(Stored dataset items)
= Beginning of Section =
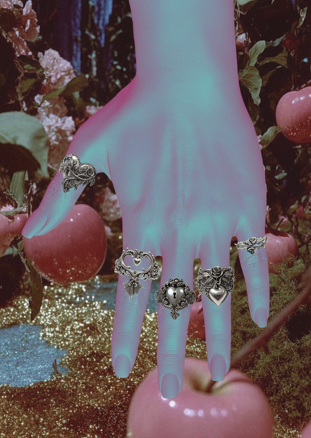 Промт: a photo of a rainbow-pink hand with five silver rings on each finger. in the background is a surreal landscape with huge apples and shiny green leaves. in the style of Tim Walker’s fairy-tale photography, with soft lighting that casts gentle shadows, creating a magical atmosphere. photographer Petra Collins used a pastel color palette and a soft-focus lens.
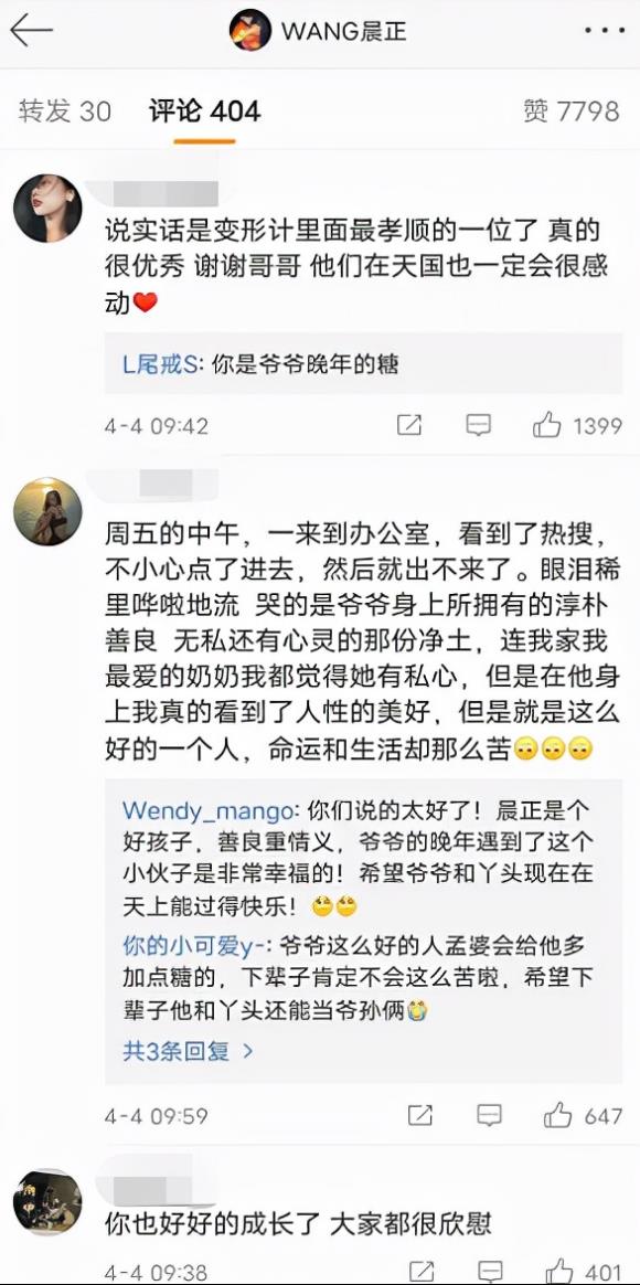 王晨正的善良感动了无数人。很多人说:“爷爷晚年遇见你,是他的福气”
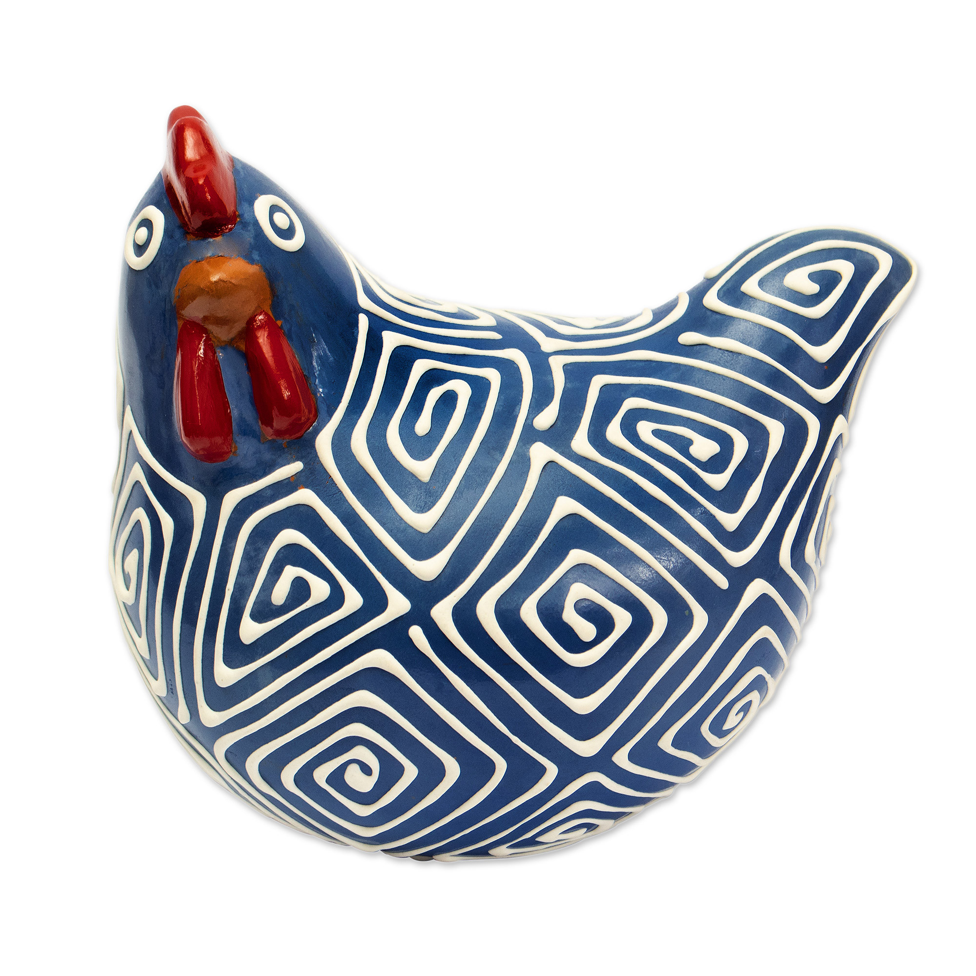 Hand-Painted Geometric Blue Ceramic Hen Sculpture from Peru, 'Avant-Garde Hen'
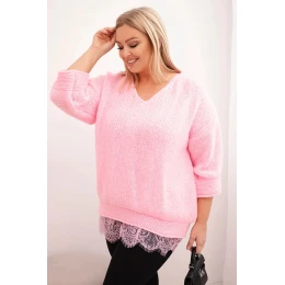 Dámská souprava svetr s výstřihem do V a viskózová halenka s krajkovým spodním lemem cukrová růžová
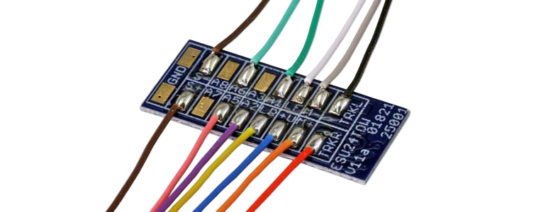 These two adapter boards are available for using the super compact E24 decoders in locomotives with a PluX16 interface (illustration) or for direct wiring.
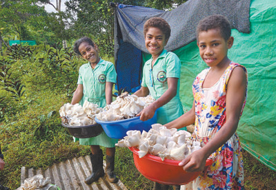 中國(guó)政府面向斐濟(jì)等太平洋島國(guó)推廣菌草技術(shù),推動(dòng)當(dāng)?shù)亟?jīng)濟(jì)發(fā)展,助力當(dāng)?shù)孛裆纳啤D為在斐濟(jì)奈塔希里乳業(yè)婦女組織菌草技術(shù)示范點(diǎn),孩子們正在幫忙采菇。
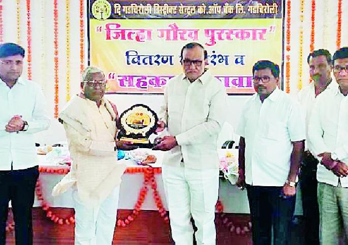 लोकमत न्यूज नेटवर्कआरमोरी : गडचिरोली जिल्हा मध्यवर्ती सहकारी बँकेच्या वतीने दिला जाणारा सन २०१९-२० या वर्षाचा जिल्हा गौरव पुरस्कार कुरखेडा तालुक्यातील वाकडीतील ज्येष्ठ सहकार व सामाजिक कार्यकर्ते वसंतराव मेश्राम यांना गुरूवारी (दि.२६) आरमोरी येथे देण्यात आला. ज्येष्ठ सहकार नेते अरविंद पोरेड्डीवार यांच्या हस्ते रोख ५१ हजार रु पये, सन्मानचिन्ह, शाल, श्रीफळ व पुष्पगुच्छ देऊन त्यांना सन्मानित करण्यात आले.कार्यक्र माच्या अध्यक्षस्थानी आमदार कृष्णा गजबे, तर प्रमुख अतिथी व मार्गदर्शक म्हणून अरविंद पोरेड्डीवार, प्रमुख अतिथी म्हणून गडचिरो नागरी सहकारी बँकेचे अध्यक्ष प्रकाश पोरेड्डीवार, जिल्हा मध्यवर्ती सहकारी बँकेचे अध्यक्ष प्रंचित पोरेड्डीवार, उपाध्यक्ष श्रीहरी भंडारीवार, मानद सचिव अनंत साळवे, संचालक खेमनाथ पाटील डोंगरवार, डॉ.दुर्वेश भोयर, आरमोरीचे नगराध्यक्ष पवन नारनवरे, आरोग्य सभापती भारत बावनथडे, पाणीपुरवठा सभापती विलास पारधी, कुरखेडा नगर परिषदेचे अध्यक्ष रवींद्र गोटेफोडे आदी प्रामुख्याने उपस्थित होते.यावेळी मार्गदर्शन करताना अरविंद पोरेड्डीवार म्हणाले, लोकांमध्ये राहणारा माणूस एकटा राहू शकत नाही. माणूस जन्माला आल्यानंतर त्याची एन्ट्री रडत होते. मात्र त्याचा शेवटही रडत होतो. माणूस किती जगला यापेक्षा तो कसा जगला, त्याच्या जगण्याची उपलब्धी समाजास किती हे जास्त महत्वाचे. वसंतराव यांचे सहकार, शैक्षणिक क्षेत्रातील कार्य लाखमोलाचे असल्याचे ते म्हणाले.या कार्यक्रमाचे औचित्य साधून आरमोरी तालुक्यातील यशवंत देशमुख वडधा, शंकर जवादे बोडदा, मुखरू हूलके देलवडा, पांडुरंग दोनाडकर शिवनी, गुरूदेव राऊत सायगाव, बारीकराव पदा देलनवाडी, अरूण दुमाने शिरसी, दीपक निंबेकर आरमोरी, हिरालाल कानतोडे कासवी, महेंद्र तावडे वैरागड, रामभाऊ नरूले आकापूर, उमाजी भुसारी नरोटी, रामकृष्ण तामशेट्टीवार रवी आदी १३ सेवा सहकारी संस्थेच्या अध्यक्षांना सन्मानचिन्ह व पुष्पगुच्छ देऊन सन्मानित करण्यात आले. कार्यक्रमाचे प्रास्ताविक बँकेचे मुख्य कार्यकारी अधिकारी एस.पी.आयलवार, संचालन प्रा.नरेंद्र आरेकर, तर आभार बँकेचे व्यवस्थापक अरूण निंबेकर यांनी मानले.
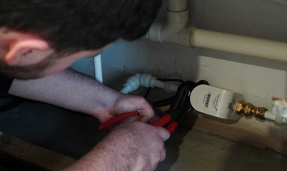 To successfully activate the pump on first operation: Connect the pump to the pipework, turn on incoming water supply and ensure that all isolating valves are open. Open an outlet and check for natural flow. Ensure all air is purged from the system and inspect connections and connecting pipework for leaks. Plug in electrical supply to pump and turn on. The flow will now increase as the pump activates. Close the outlet fully and the pump will stop.
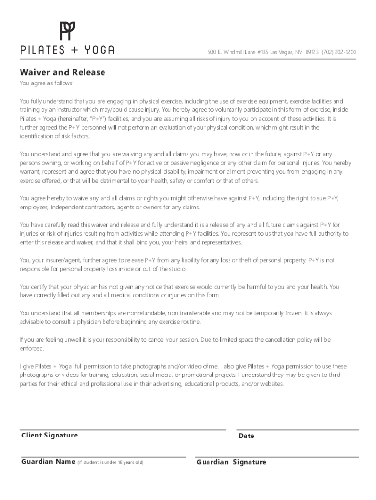 Get the free P+Y-Form-Waiver-PRINT-Rev-120232022
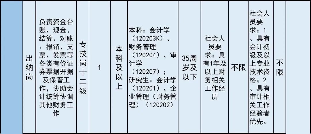 (四)社会人员报考教师岗位需具备相应的教师资格证书,本科及以上学历;会计、出纳、校医岗位需具备本科及以上学历。校医岗位需具备相应的从业(执业)资格、相应的专业技术职称;会计、出纳等专业技术岗位需具备相应的专业技术职称。管理岗位需具备相应专业的本科及以上学历。
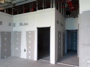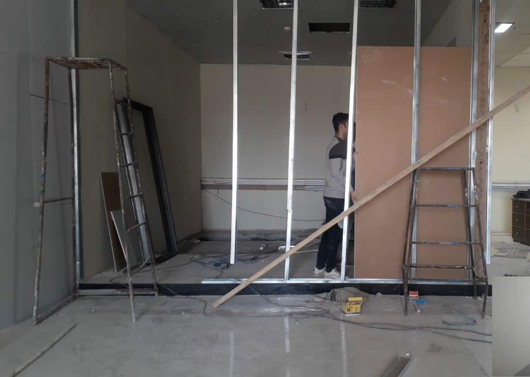 - در پایان، دو طرف پارتیشن با گچبرگ پوشانده شده و رنگآمیزی میشود.
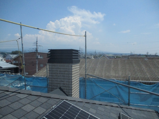 群馬県での薪ストーブ設置工事 Ⅰ期工事(屋根上部分)です。
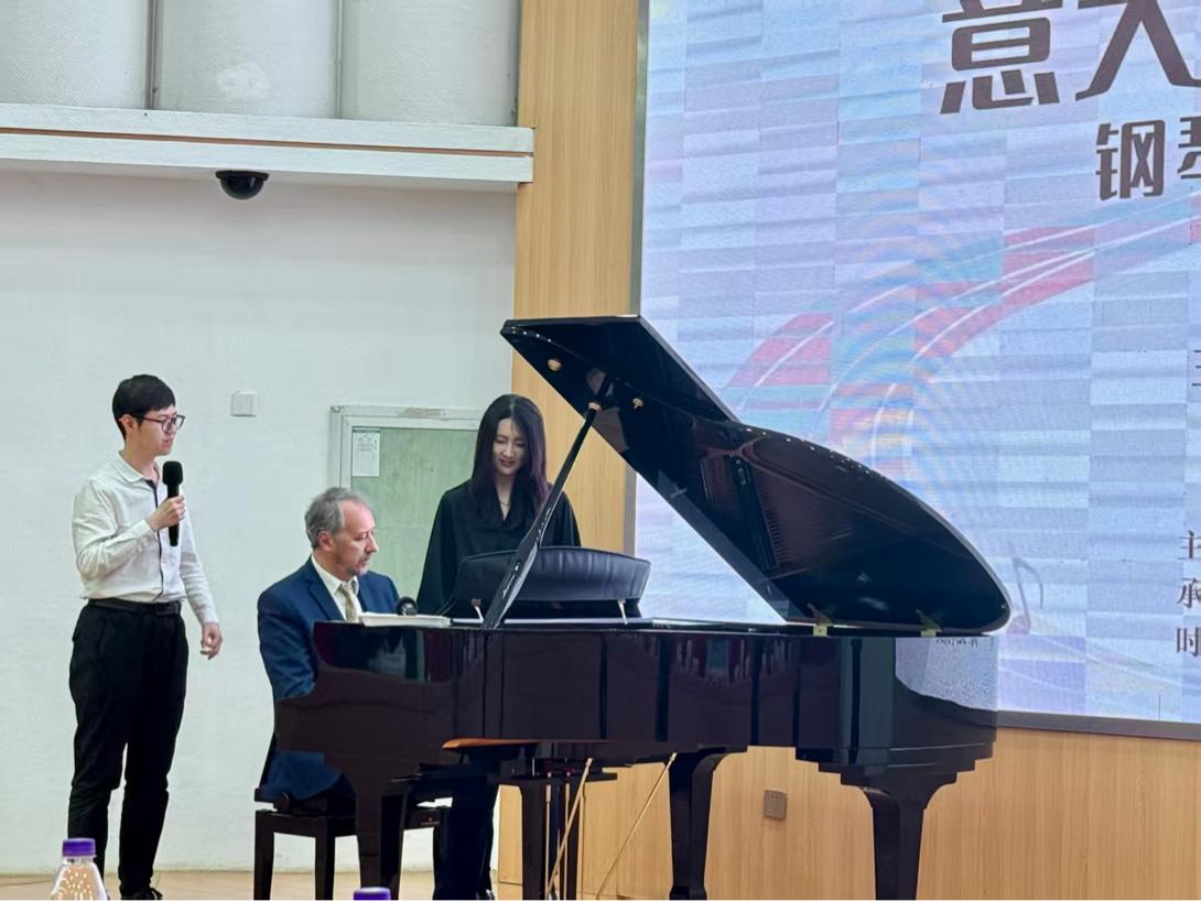 本次讲座分为三个部分,首先是普契尼音乐学院院长朱塞佩·布鲁诺教授钢琴独奏,教授通过细腻的音色处理和富有张力的情感表达,带领观众领略了作品中的艺术魅力。
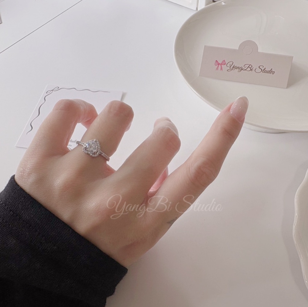 𝓨𝓪𝓷𝓰𝓑𝓲🕊️【手上自帶打光】925【爆閃滿鑽愛心戒指】浪漫氣質細戒 閃耀百搭 約會必備女生最愛Y941
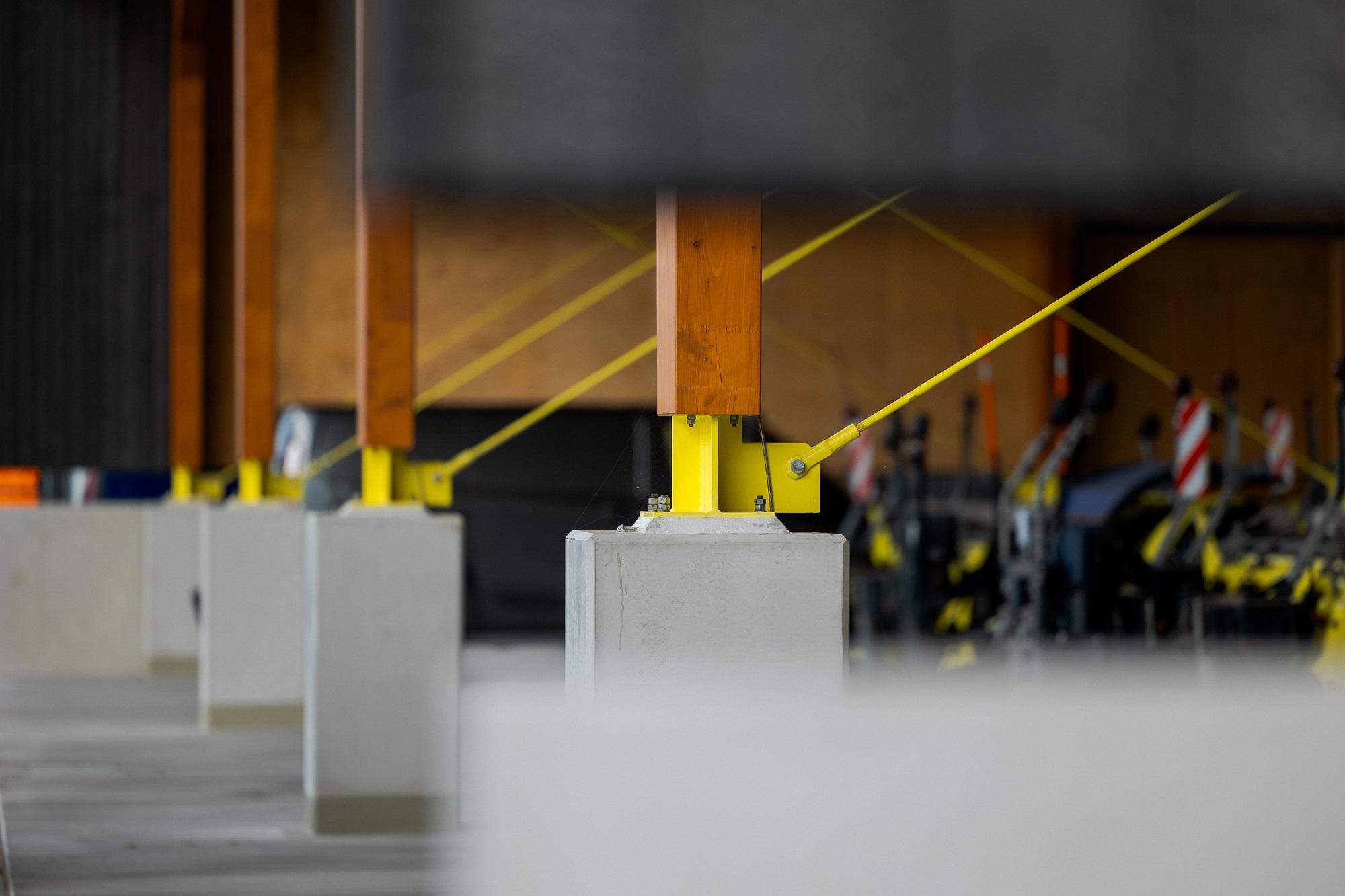During the design process, two options were considered for the circular construction of the service building: reuse of concrete T-beams from an office building to be demolished and reuse of steel columns and beams. Because the office building could not be demolished in time, the structure was built with reused steel columns and beams, which are more widely available. This ensures that a circular solution is always available and allows us to expand the reuse of other circular structures in our designs.
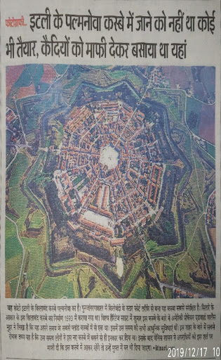 (I wrote an article about Palmanova inside the Dainik Bhaskar Newspaper of India on 17 December 2019 and I thought why not share it with everyone.)
= End of Section =
Work required – Write every entry again exactly as given, skipping the pictures.

Task result –
 Промт: a photo of a rainbow-pink hand with five silver rings on each finger. in the background is a surreal landscape with huge apples and shiny green leaves. in the style of Tim Walker’s fairy-tale photography, with soft lighting that casts gentle shadows, creating a magical atmosphere. photographer Petra Collins used a pastel color palette and a soft-focus lens.
 王晨正的善良感动了无数人。很多人说:“爷爷晚年遇见你,是他的福气”
 Hand-Painted Geometric Blue Ceramic Hen Sculpture from Peru, 'Avant-Garde Hen'
 Dámská souprava svetr s výstřihem do V a viskózová halenka s krajkovým spodním lemem cukrová růžová
 These two adapter boards are available for using the super compact E24 decoders in locomotives with a PluX16 interface (illustration) or for direct wiring.
 中國(guó)政府面向斐濟(jì)等太平洋島國(guó)推廣菌草技術(shù),推動(dòng)當(dāng)?shù)亟?jīng)濟(jì)發(fā)展,助力當(dāng)?shù)孛裆纳啤D為在斐濟(jì)奈塔希里乳業(yè)婦女組織菌草技術(shù)示范點(diǎn),孩子們正在幫忙采菇。
 लोकमत न्यूज नेटवर्कआरमोरी : गडचिरोली जिल्हा मध्यवर्ती सहकारी बँकेच्या वतीने दिला जाणारा सन २०१९-२० या वर्षाचा जिल्हा गौरव पुरस्कार कुरखेडा तालुक्यातील वाकडीतील ज्येष्ठ सहकार व सामाजिक कार्यकर्ते वसंतराव मेश्राम यांना गुरूवारी (दि.२६) आरमोरी येथे देण्यात आला. ज्येष्ठ सहकार नेते अरविंद पोरेड्डीवार यांच्या हस्ते रोख ५१ हजार रु पये, सन्मानचिन्ह, शाल, श्रीफळ व पुष्पगुच्छ देऊन त्यांना सन्मानित करण्यात आले.कार्यक्र माच्या अध्यक्षस्थानी आमदार कृष्णा गजबे, तर प्रमुख अतिथी व मार्गदर्शक म्हणून अरविंद पोरेड्डीवार, प्रमुख अतिथी म्हणून गडचिरो नागरी सहकारी बँकेचे अध्यक्ष प्रकाश पोरेड्डीवार, जिल्हा मध्यवर्ती सहकारी बँकेचे अध्यक्ष प्रंचित पोरेड्डीवार, उपाध्यक्ष श्रीहरी भंडारीवार, मानद सचिव अनंत साळवे, संचालक खेमनाथ पाटील डोंगरवार, डॉ.दुर्वेश भोयर, आरमोरीचे नगराध्यक्ष पवन नारनवरे, आरोग्य सभापती भारत बावनथडे, पाणीपुरवठा सभापती विलास पारधी, कुरखेडा नगर परिषदेचे अध्यक्ष रवींद्र गोटेफोडे आदी प्रामुख्याने उपस्थित होते.यावेळी मार्गदर्शन करताना अरविंद पोरेड्डीवार म्हणाले, लोकांमध्ये राहणारा माणूस एकटा राहू शकत नाही. माणूस जन्माला आल्यानंतर त्याची एन्ट्री रडत होते. मात्र त्याचा शेवटही रडत होतो. माणूस किती जगला यापेक्षा तो कसा जगला, त्याच्या जगण्याची उपलब्धी समाजास किती हे जास्त महत्वाचे. वसंतराव यांचे सहकार, शैक्षणिक क्षेत्रातील कार्य लाखमोलाचे असल्याचे ते म्हणाले.या कार्यक्रमाचे औचित्य साधून आरमोरी तालुक्यातील यशवंत देशमुख वडधा, शंकर जवादे बोडदा, मुखरू हूलके देलवडा, पांडुरंग दोनाडकर शिवनी, गुरूदेव राऊत सायगाव, बारीकराव पदा देलनवाडी, अरूण दुमाने शिरसी, दीपक निंबेकर आरमोरी, हिरालाल कानतोडे कासवी, महेंद्र तावडे वैरागड, रामभाऊ नरूले आकापूर, उमाजी भुसारी नरोटी, रामकृष्ण तामशेट्टीवार रवी आदी १३ सेवा सहकारी संस्थेच्या अध्यक्षांना सन्मानचिन्ह व पुष्पगुच्छ देऊन सन्मानित करण्यात आले. कार्यक्रमाचे प्रास्ताविक बँकेचे मुख्य कार्यकारी अधिकारी एस.पी.आयलवार, संचालन प्रा.नरेंद्र आरेकर, तर आभार बँकेचे व्यवस्थापक अरूण निंबेकर यांनी मानले.
 To successfully activate the pump on first operation: Connect the pump to the pipework, turn on incoming water supply and ensure that all isolating valves are open. Open an outlet and check for natural flow. Ensure all air is purged from the system and inspect connections and connecting pipework for leaks. Plug in electrical supply to pump and turn on. The flow will now increase as the pump activates. Close the outlet fully and the pump will stop.
 Get the free P+Y-Form-Waiver-PRINT-Rev-120232022
 (四)社会人员报考教师岗位需具备相应的教师资格证书,本科及以上学历;会计、出纳、校医岗位需具备本科及以上学历。校医岗位需具备相应的从业(执业)资格、相应的专业技术职称;会计、出纳等专业技术岗位需具备相应的专业技术职称。管理岗位需具备相应专业的本科及以上学历。
 - در پایان، دو طرف پارتیشن با گچبرگ پوشانده شده و رنگآمیزی میشود.
 群馬県での薪ストーブ設置工事 Ⅰ期工事(屋根上部分)です。
 本次讲座分为三个部分,首先是普契尼音乐学院院长朱塞佩·布鲁诺教授钢琴独奏,教授通过细腻的音色处理和富有张力的情感表达,带领观众领略了作品中的艺术魅力。
 𝓨𝓪𝓷𝓰𝓑𝓲🕊️【手上自帶打光】925【爆閃滿鑽愛心戒指】浪漫氣質細戒 閃耀百搭 約會必備女生最愛Y941
During the design process, two options were considered for the circular construction of the service building: reuse of concrete T-beams from an office building to be demolished and reuse of steel columns and beams. Because the office building could not be demolished in time, the structure was built with reused steel columns and beams, which are more widely available. This ensures that a circular solution is always available and allows us to expand the reuse of other circular structures in our designs.
 (I wrote an article about Palmanova inside the Dainik Bhaskar Newspaper of India on 17 December 2019 and I thought why not share it with everyone.)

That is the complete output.